== Information provided ==
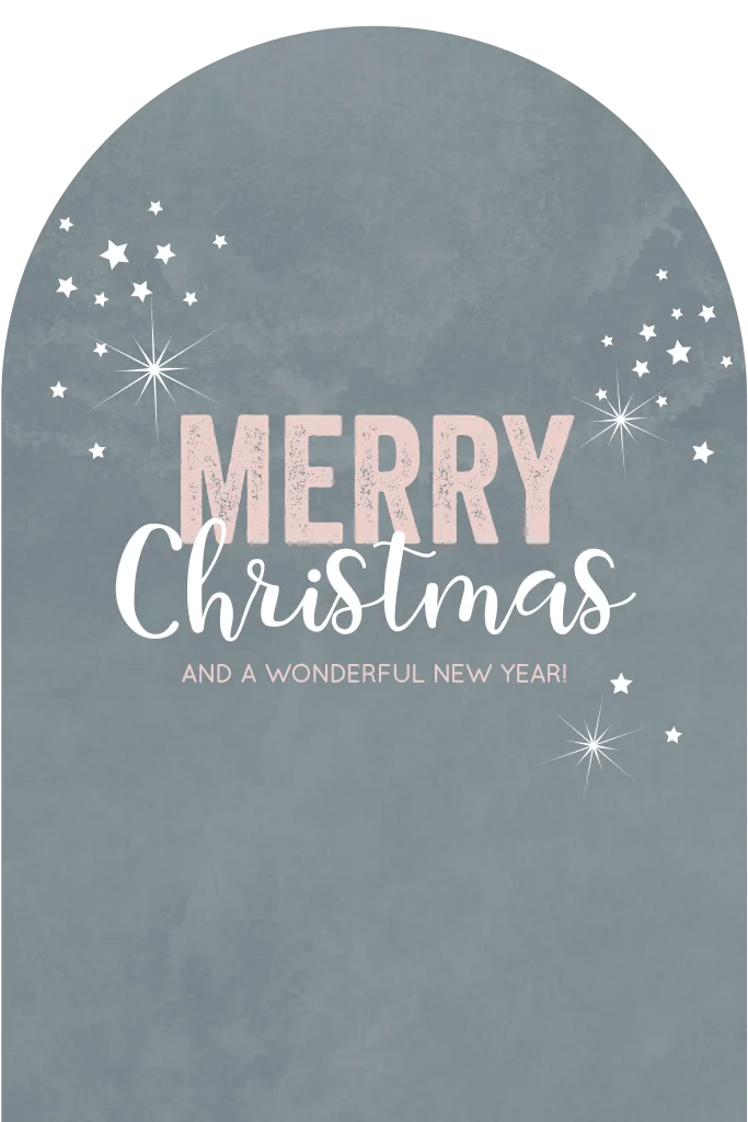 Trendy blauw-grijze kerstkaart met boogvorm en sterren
===
== Information provided ==
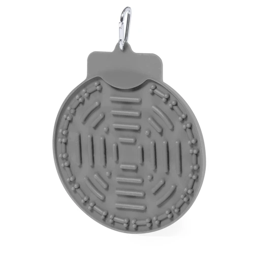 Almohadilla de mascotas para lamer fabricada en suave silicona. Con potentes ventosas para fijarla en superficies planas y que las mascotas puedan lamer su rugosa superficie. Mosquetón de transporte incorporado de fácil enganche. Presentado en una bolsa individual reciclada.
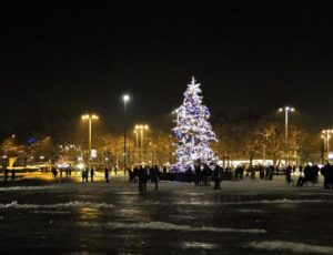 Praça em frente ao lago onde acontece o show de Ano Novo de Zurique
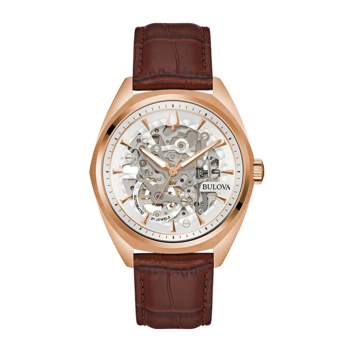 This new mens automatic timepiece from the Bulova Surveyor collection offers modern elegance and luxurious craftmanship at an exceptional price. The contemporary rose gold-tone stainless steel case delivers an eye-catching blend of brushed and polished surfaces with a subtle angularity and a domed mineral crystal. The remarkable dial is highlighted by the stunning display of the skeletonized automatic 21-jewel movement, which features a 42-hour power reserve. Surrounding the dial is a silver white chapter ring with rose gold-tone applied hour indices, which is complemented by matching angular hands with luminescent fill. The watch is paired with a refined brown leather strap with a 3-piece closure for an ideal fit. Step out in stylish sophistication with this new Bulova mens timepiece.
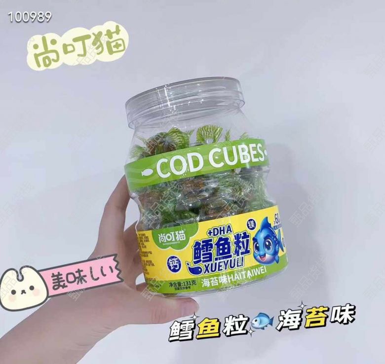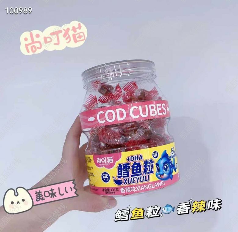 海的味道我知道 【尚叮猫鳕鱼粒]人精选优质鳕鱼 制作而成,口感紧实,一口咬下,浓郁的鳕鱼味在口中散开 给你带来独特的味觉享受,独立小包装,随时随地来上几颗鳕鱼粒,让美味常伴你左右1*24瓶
===
### [What the exercise asks]
Starting with the line that contains "Almohadilla de mascotas" and finishing with the line that contains "海的味道我知道 【尚叮猫鳕鱼粒]人精选优质鳕鱼 制作而成,口感紧实,一口咬下,浓郁的鳕鱼味在口中散开", reproduce every line of the material above exactly, but not the pictures.

### [Completed task]
 Almohadilla de mascotas para lamer fabricada en suave silicona. Con potentes ventosas para fijarla en superficies planas y que las mascotas puedan lamer su rugosa superficie. Mosquetón de transporte incorporado de fácil enganche. Presentado en una bolsa individual reciclada.
 Praça em frente ao lago onde acontece o show de Ano Novo de Zurique
 This new mens automatic timepiece from the Bulova Surveyor collection offers modern elegance and luxurious craftmanship at an exceptional price. The contemporary rose gold-tone stainless steel case delivers an eye-catching blend of brushed and polished surfaces with a subtle angularity and a domed mineral crystal. The remarkable dial is highlighted by the stunning display of the skeletonized automatic 21-jewel movement, which features a 42-hour power reserve. Surrounding the dial is a silver white chapter ring with rose gold-tone applied hour indices, which is complemented by matching angular hands with luminescent fill. The watch is paired with a refined brown leather strap with a 3-piece closure for an ideal fit. Step out in stylish sophistication with this new Bulova mens timepiece.
 海的味道我知道 【尚叮猫鳕鱼粒]人精选优质鳕鱼 制作而成,口感紧实,一口咬下,浓郁的鳕鱼味在口中散开 给你带来独特的味觉享受,独立小包装,随时随地来上几颗鳕鱼粒,让美味常伴你左右1*24瓶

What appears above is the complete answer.